Willi Ostermann Biographie

Kölns größter Heimatdichter

„Dieser Willi Ostermann, seines Zeichens Komponist, Texter und Interpret eigenen, kölschen und rheinischen Liedguts, mit wenig musiktheoretischen Kenntnissen, dafür mit um so mehr Selbstbewusstsein und Jeföhl ausgestattet – dieser Willi Ostermann jedenfalls war ein großer. Ein Großer seines Genres. Und wahrscheinlich der Größte seiner Zeit.“

(„Stadt-Anzeiger“ am 8./9.02.1997)

Das Willi Ostermann auch heute noch populär ist, dass er in seinen Liedern weiterlebt, liegt wohl auch daran, dass diese so aktuell sind wie vor hundert Jahren, dass sich in seinen Alltagsbeschreibungen heute wie damals jeder wiederfinden kann. „Kölsch-Professor“ Dr.

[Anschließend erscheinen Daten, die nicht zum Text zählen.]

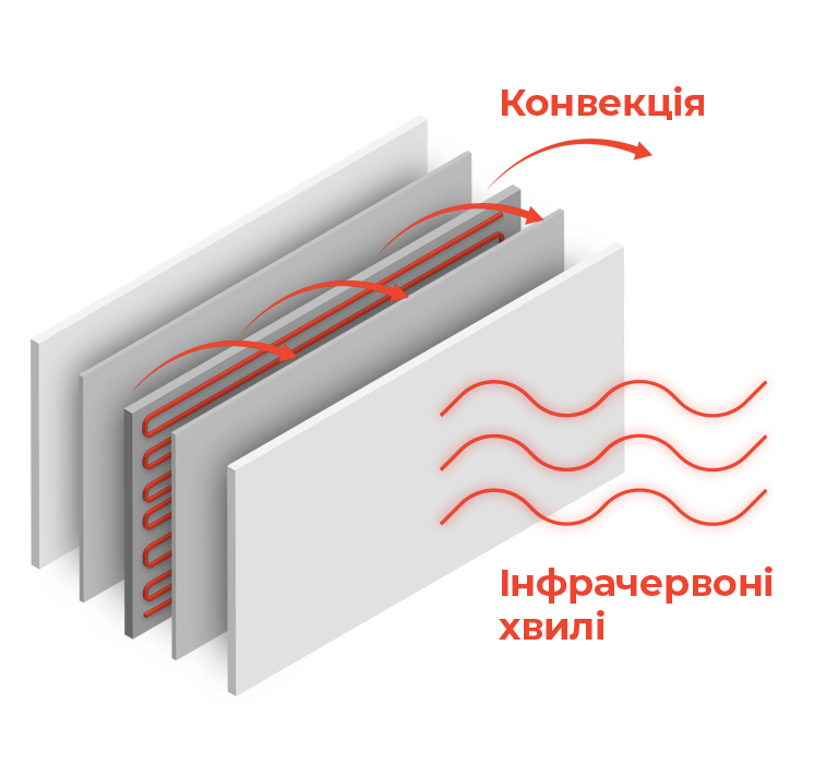 З обігрівачем Sunway ви отримаєте рівномірно прогріте приміщення за рахунок інфрачервоного випромінювання та конвекції (яка утворюється між тильною стороною приладу та стіною, на яку він встановлений)
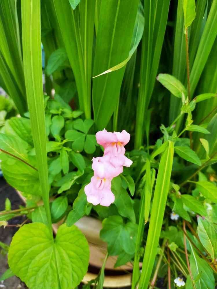 グラジオラスの鉢からピンク色の金魚草と思われる花が😉ラツキー
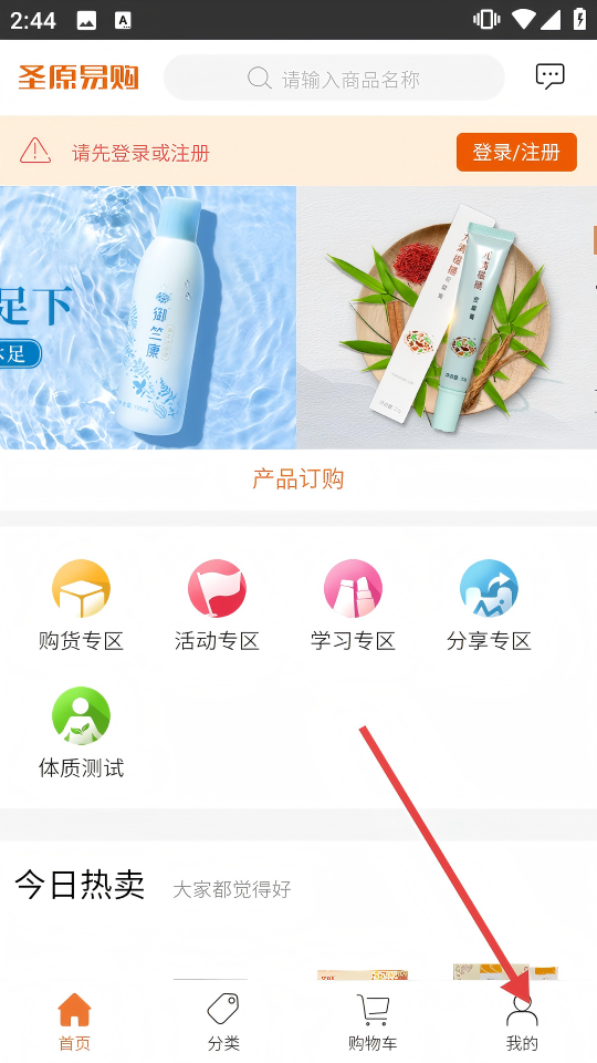 4、注册或登录后,即可在圣原易购首页使用购货、活动等专区功能,进行产品订购等操作。
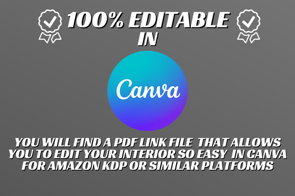 – Fully editable & customizable CANVA Interior for Amazon KDP & Similar Platforms, Allows you too edit your interior and Customize the text & fonts, add your own content so easily & available for everyone. you are free to change or add anything you want.
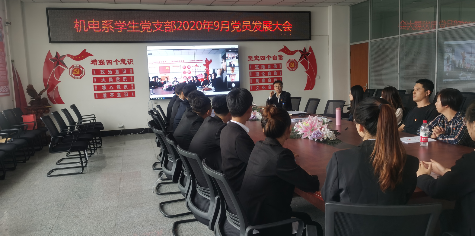 2020年9月18日,在这个特殊的日子里,机电系学生党支部党员发展大会在机电系406会议室召开。支部本着吸纳优秀学生的原则,来壮大党员队伍,为支部将来的发展打下坚实的基础。大会由支部书记王喜华主持,参加此次大会的,还有总支书记赵波老师、专职组织员郭妍老师、支部六位成员及拟发展的17名发展对象。

Heribert Hilgers hat das einmal so erklärt: „Ostermann hat zwar nie die heile Welt geschildert, weil er alles so beschrieben hat, wie es war. Aber der Optimismus, der gerade durch die kölsche Sproch geprägt wird, hat den Menschen immer wieder Aufschwung gegeben und tut es auch heute noch.“

Ostermann-Biograf Hans W. Krupp schreibt, was den Liederdichter aus der Masse herausgehoben habe, sei die Fähigkeit gewesen, das Alltagsgeschehen intensiver erfassen und erfinden zu können: „Dazu kam noch die seltene Gabe, solche Alltagserfahrungen, dramaturgisch genial, in Milieugeschichten einzubetten und wiederzugeben – und das fast ausschließlich mit den einfachen Mitten der Mundart.“

Willi Ostermann wurde am 1. Oktober 1876 (an einem Sonntag!) am Picolonischen Weg Nummer 1 in Mülheim am Rhein geboren. Drei Jahre später zog die Familie nach Deutz um. Dort besuchte Willi von 1883 bis 1891 die Volksschule. Danach absolvierte er eine dreijährige Lehre als Stereotypeur und Galvanoplastiker, lernte also das Herstellen von Matrizen sowie das Gießen und Ziselieren von Druckplatten. Den jungen Mann aber zog es zur Bühne, zum Puppenspiel, zur Parodie.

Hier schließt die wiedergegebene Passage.